Since then, Chinese venture funding in US startups has slowed to a trickle, Reuters interviews with more than 35 industry players show.
US President Donald Trump signed new legislation expanding the government’s ability to block foreign investment in US companies, regardless of the investor’s country of origin. But Trump has been particularly vocal about stopping China from getting its hands on strategic US technologies.
The new rules are still being finalised, but tech industry veterans said the fallout has been swift.
“Deals involving Chinese companies and Chinese buyers and Chinese investors have virtually stopped,” said attorney Nell O’Donnell, who has represented US tech companies in transactions with foreign buyers.
Lawyers who spoke to Reuters say they are feverishly rewriting deal terms to help ensure investments get the stamp of approval from Washington. Chinese investors, including big family offices, have walked away from transactions and stopped taking meetings with US startups. Some entrepreneurs, meanwhile, are eschewing Chinese money, fearful of lengthy government reviews that could sap their resources and momentum in an arena where speed to market is critical.
Volley Labs, Inc, a San Francisco-based company that uses artificial intelligence to build corporate training materials, is playing it safe. It declined offers from Chinese investors last year after accepting cash from Beijing-based TAL Education Group as part of a financing round in 2017.
“We decided for optical reasons it just wouldn’t make sense to expose ourselves further to investors coming from a country where there is now so much by way of trade tensions and IP tensions,” said Carson Kahn, Volley’s CEO.
A Silicon Valley venture capitalist told Reuters he is aware of at least ten deals, some involving companies in his own portfolio, that fell apart because they would need approval from the interagency group known as the Committee on Foreign Investment in the United States (CFIUS). He declined to be named for fear of bringing negative attention to his portfolio companies.
CFIUS is the government group tasked with reviewing foreign investment for potential national security and competitive risks. The new legislation expands its powers. Among them: the ability to probe transactions previously excluded from its purview, including attempts by foreigners to purchase minority stakes in US startups.
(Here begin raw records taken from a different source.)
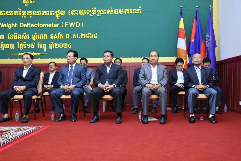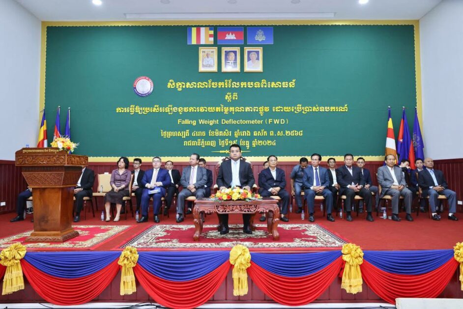 នៅទីស្តីការក្រសួង នារសៀលថ្ងៃព្រហស្បតិ៍ ទី១៩ ខែធ្នូ ឆ្នាំ២០២៤ ឯកឧត្តម ប៉េង ពោធិ៍នា រដ្ឋមន្រ្តីក្រសួងសាធារណ ការ និងដឹកជញ្ជូន បានអញ្ជើញជាអធិបតីក្នុងពិធីបិទសិក្ខាសា លាចែករំលែកបទពិសោធន៍ស្តីពី “ការធ្វើឱ្យប្រសើរឡើងនូវការវាយតម្លៃគុណភាពផ្លូវ ដោយប្រើប្រាស់ឧបករណ៍ Falling Weight Deflectometer – FWD ដែលមានការចូលរួមពី ឯកឧត្តម និងលោកជំទាវ ជាថ្នាក់ដឹកនាំក្រសួង លោកបណ្ឌិតសាស្រ្តាចារ្យ និងមន្រ្តីពាកព័ន្ធជាច្រើនរូបផងដែរ។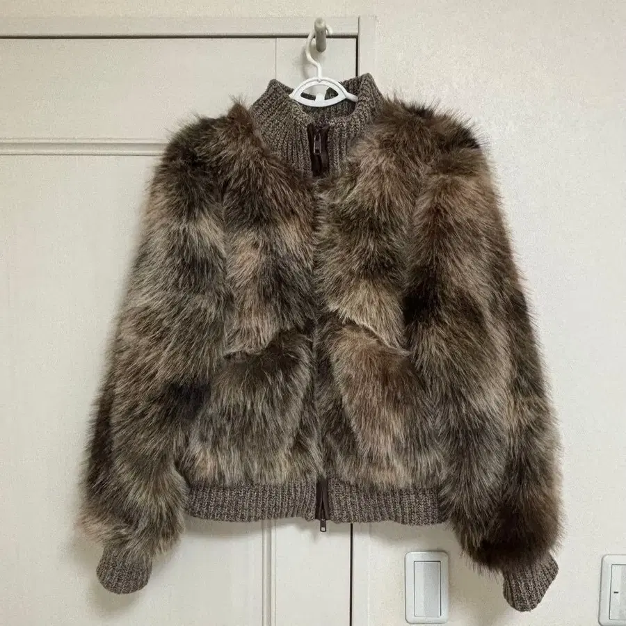 LAGUA GEM MIX KNIT FAUX FUR 블루종 브라운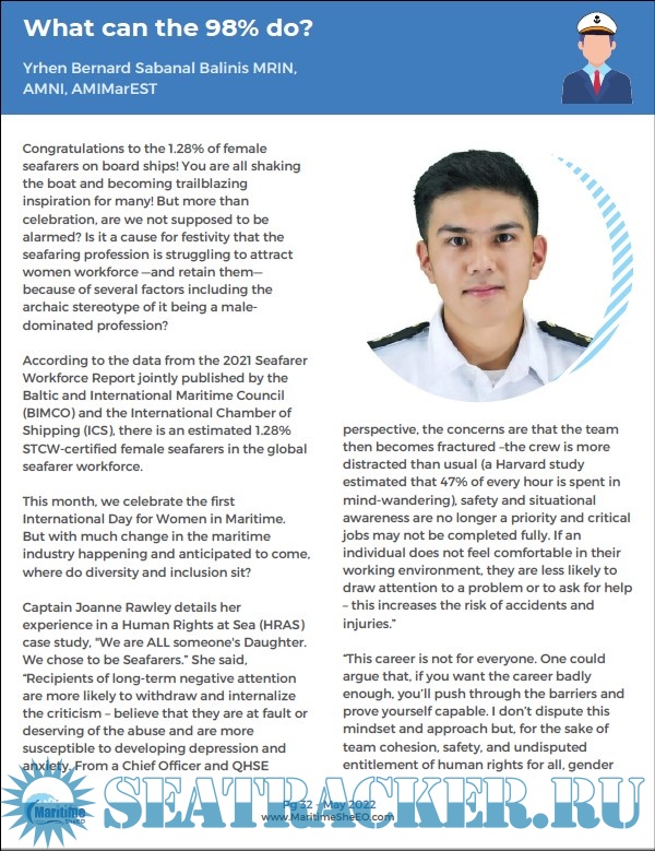 We're also marking the occasion by highlighting women's achievements and contributions, as well as their efforts to usher in a wave of gender equality for a more sustainable future. There are also thoughtprovoking interviews with members of the World Maritime University - Women's Association about combating gender bias. Also presented are DEI best practices and a gentleman's perspective on gender inclusiveness.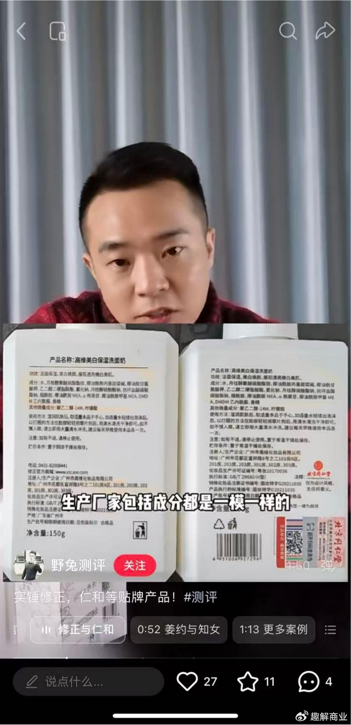 除此以外,社交平台上,早在2023年就有关于修正贴牌的声音。2023年4月7日,一个名称为“野兔测评”的账号发视频称,修正的一款洗面奶与北京同仁堂的一款洗面奶生产厂家及成分一模一样,修正和仁和的两款洗发水,同样是一个生产厂家和同一个配方。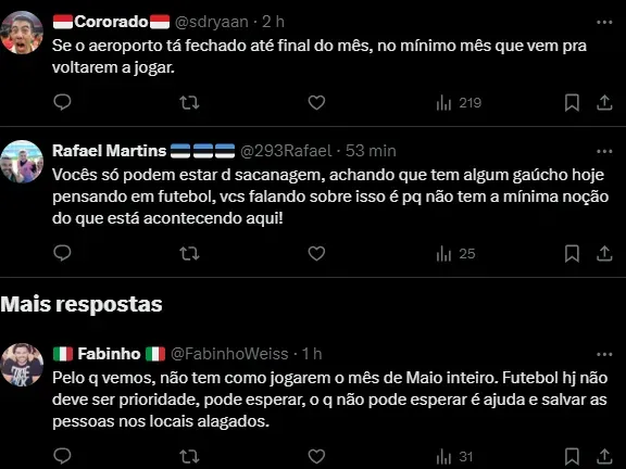 Vale lembrar que, com o aero fechado por quase 1 mês, a locomoção fica restrita aos meios terrestres. Atualmente, os treinamentos estão sendo interferidos pelo nível da água e jogadores ajudam nos resgates.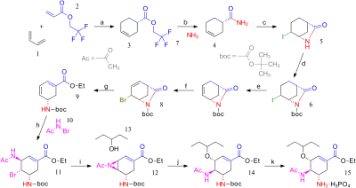 In 2006 the group of E.J. Corey published a novel route bypassing shikimic acid starting from butadiene and acrylic acid.[9] The inventors chose not to patent this procedure which is described below.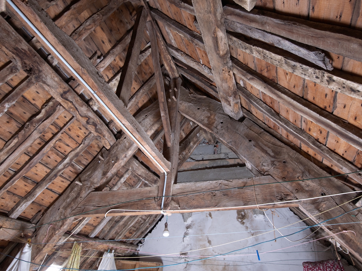 Tréguier, 15 rue Colvestre : maison à pan de bois rouge, charpente ancienneImmatriculation

China is in the crosshairs. The Asian giant has been an aggressive investor in technology deemed critical to its global competitiveness and military prowess. Chinese investors have bought stakes in ride-hailing firms Uber Technologies Inc and Lyft, as well as companies with more sensitive technologies including data center networking firm Barefoot Networks, autonomous driving startup Zoox and speech recognition startup AISense.
A dearth of Chinese money is unlikely to spell doomsday for Silicon Valley. Investors worldwide poured more than $84bn into US startups for the first three quarters of last year, exceeding any prior full-year funding, according to data provider PitchBook Inc.
Still, Chinese funders are critical to helping US companies gain access to the world’s second-largest economy. Volley’s Kahn acknowledged that rejecting Chinese investment may make his startup’s overseas expansion more difficult.